As the world staggers out of the recent global financial crisis (European sovereigns notwithstanding), one asset class has captured the world's imagination. What Brazilian private equity represents is the sun-filled future of a new dawn.
It is, in many ways, a repudiation of everything that got us into the global financial crisis: it is about equity, not debt; it is about returns to growth, not leverage; it is about youth, vitality and demography, not pensions and aging and death taxes. It is exciting and forward thinking. Those who believe in it -- the Brazilianaires as they could be termed -- have a strong hold over the collective imagination. But is it actually real?
"With 53% of the Brazilian population now classified as being middle class, Asian investors can take advantage of a burgeoning consumer-driven growth story outside their home region," said Christian Gattiker, head of research for Bank Julius Baer. "The prudent macroeconomic policies of the out-going Lula administration promise longer term dividends in terms of growth and stability that make Brazil an important part of a diversified emerging-markets portfolio."

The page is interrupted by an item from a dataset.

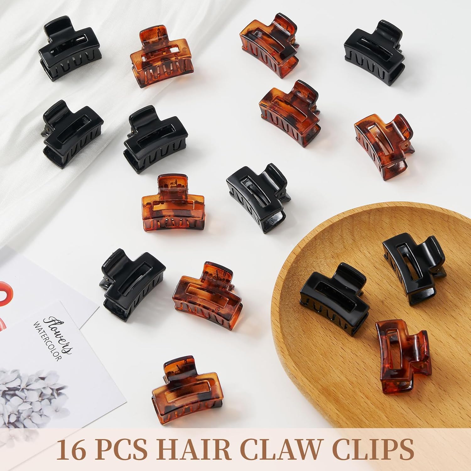 - 【Order Includes】- Our mini square hair claw clip set consists of a total of 16 pieces (8 pieces black&8 pieces brown), size:0.98in (2.5cm).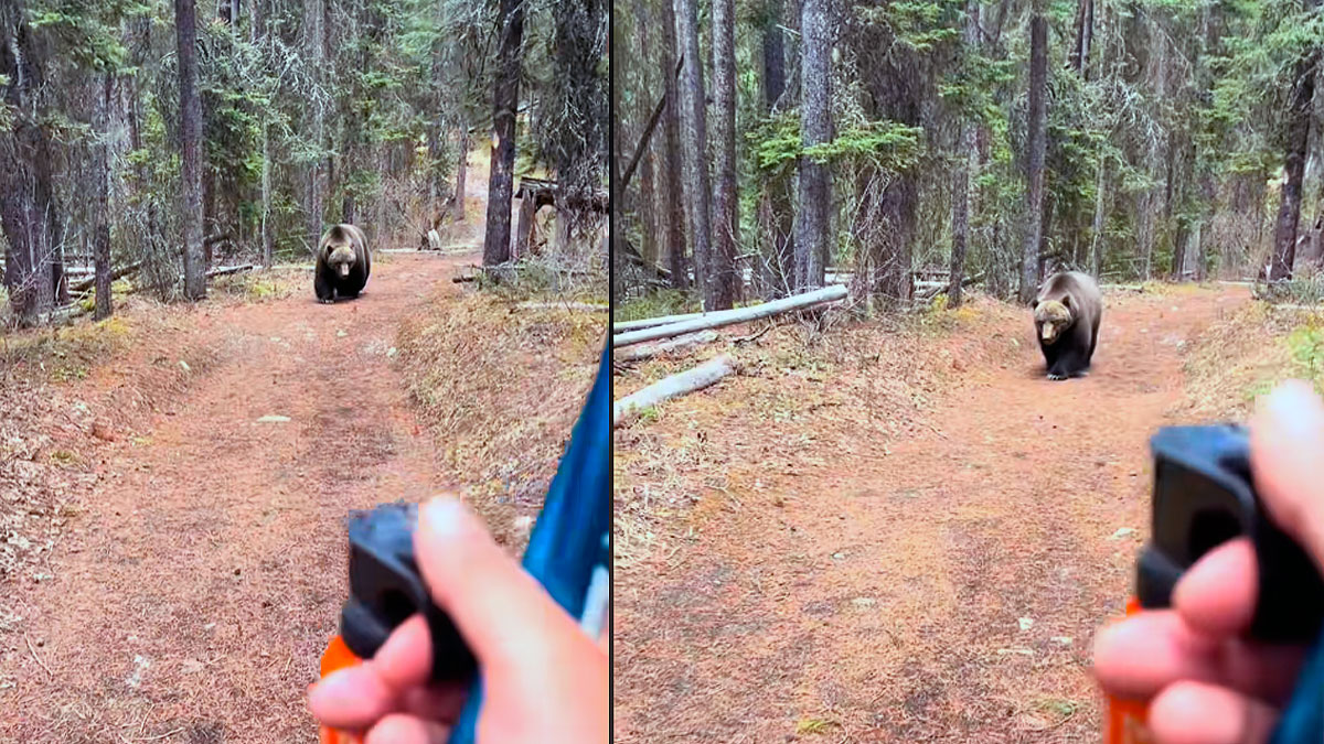 Cinco minutos de tensión sin saber si vas a salir vivo de un encuentro con uno de los animales más peligrosos del planeta. Esto es lo que vivió un joven excursionista que volvió su cabeza y descubrió que un oso grizzly le seguía los pasos por un sendero del Parque Nacional Banff, en Canadá.

There is no doubt that Brazil is a macro success. The global financial crisis only delivered the country a glancing blow. Two quarters of contraction at the end of 2008 and start of 2009, and then a strong rebound. This macro success has attracted huge inflows of capital. In October 2009, the country became the first in the current cycle to impose controls on inward investment, so concerned was the government about the economy overheating.
The financial great and good are now extolling Brazil's general virtues and those of the private equity sector in particular. "The prospects for Brazil are better than at any time I have seen in the last 25 years," said David Rubenstein, co-founder and managing director of The Carlyle Group, speaking to FinanceAsia at the sidelines of the Brazilian Private Equity and Venture Capital Association (ABVCAP) annual conference in Rio de Janeiro. "There have been some false starts, but now Brazil will become one of the largest economies in the world and people want to put money to work in the country."
Carlyle is one of many global investors that are lining up to throw money at Brazil. According to the annual survey of global institutional investors carried out by the Emerging Market Private Equity Association (Empea) and Coller Capital, Brazil will be the world-leader in attracting new investors during the next one to two years.
"Brazil continues to lead the emerging markets in terms of attracting new investors, with almost one-in-five experienced emerging-market investor planning to begin investing in the country," said Erwin Roex, partner at Coller Capital in London.
Moreover, Brazil absolutely dominates investments into Latin America as a whole. Its primacy in the region is even more complete than that of China within Asia. According to the region-wide Latin American Venture Capital Association (Lavca), in 2009 Brazil accounted for 45% of the number of investments in the region and 62% of the value of those investments. In April, US private equity player Advent International closed the largest-ever Latin American private equity fund, LAPEF V, after raising funds of $1.65 billion. The majority of that is expected to go into Brazil.
Less scientifically, the presence of more than 400 investors, private equity firms, service providers (and the odd financial journalist) at the ABVCAP conference in Rio in April showed how much interest there is in the asset class.
"Ten years ago you could have held this conference in a closet," said Roger Leeds, chairman of the board at Empea. "Now look at it."